§ **RECORDED INFORMATION**

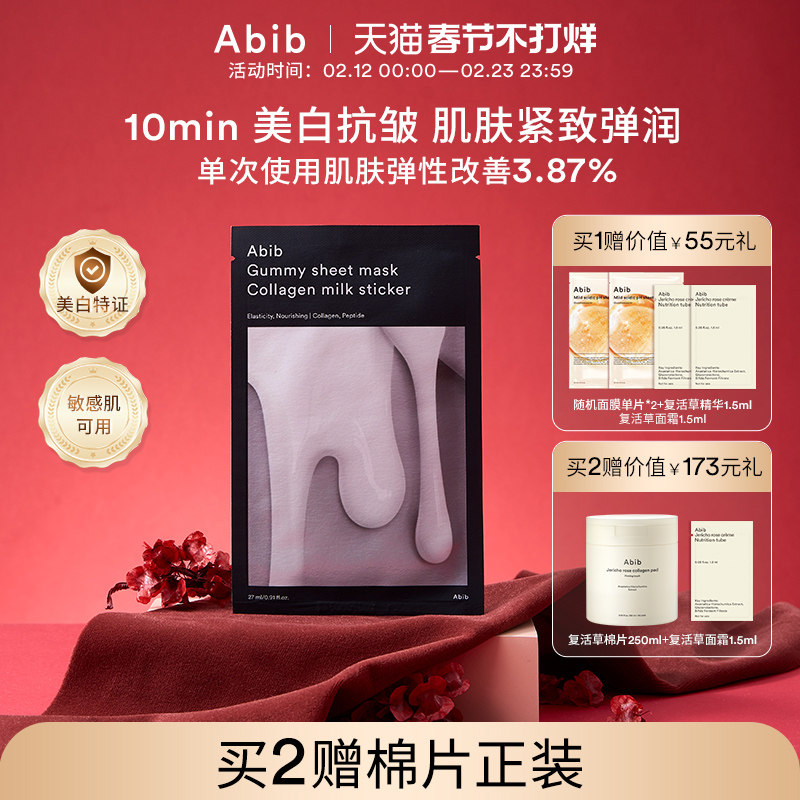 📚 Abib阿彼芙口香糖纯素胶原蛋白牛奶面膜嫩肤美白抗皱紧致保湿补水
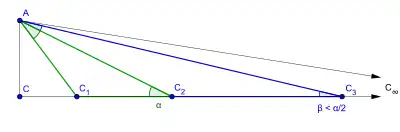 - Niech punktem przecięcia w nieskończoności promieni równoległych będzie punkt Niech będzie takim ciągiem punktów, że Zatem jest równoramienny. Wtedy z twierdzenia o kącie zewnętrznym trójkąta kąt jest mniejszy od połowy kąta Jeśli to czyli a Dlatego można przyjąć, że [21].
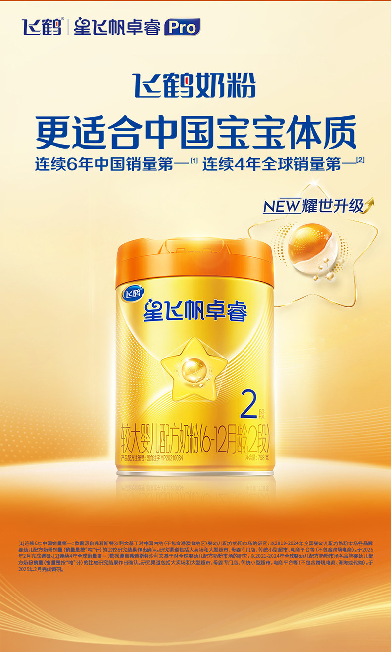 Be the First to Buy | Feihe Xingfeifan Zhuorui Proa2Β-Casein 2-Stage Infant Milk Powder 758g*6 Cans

§ **PROMPT**
Transcribe the whole listing exactly but exclude images.

§ **TASK RESPONSE**
 📚 Abib阿彼芙口香糖纯素胶原蛋白牛奶面膜嫩肤美白抗皱紧致保湿补水
 - Niech punktem przecięcia w nieskończoności promieni równoległych będzie punkt Niech będzie takim ciągiem punktów, że Zatem jest równoramienny. Wtedy z twierdzenia o kącie zewnętrznym trójkąta kąt jest mniejszy od połowy kąta Jeśli to czyli a Dlatego można przyjąć, że [21].
 Be the First to Buy | Feihe Xingfeifan Zhuorui Proa2Β-Casein 2-Stage Infant Milk Powder 758g*6 Cans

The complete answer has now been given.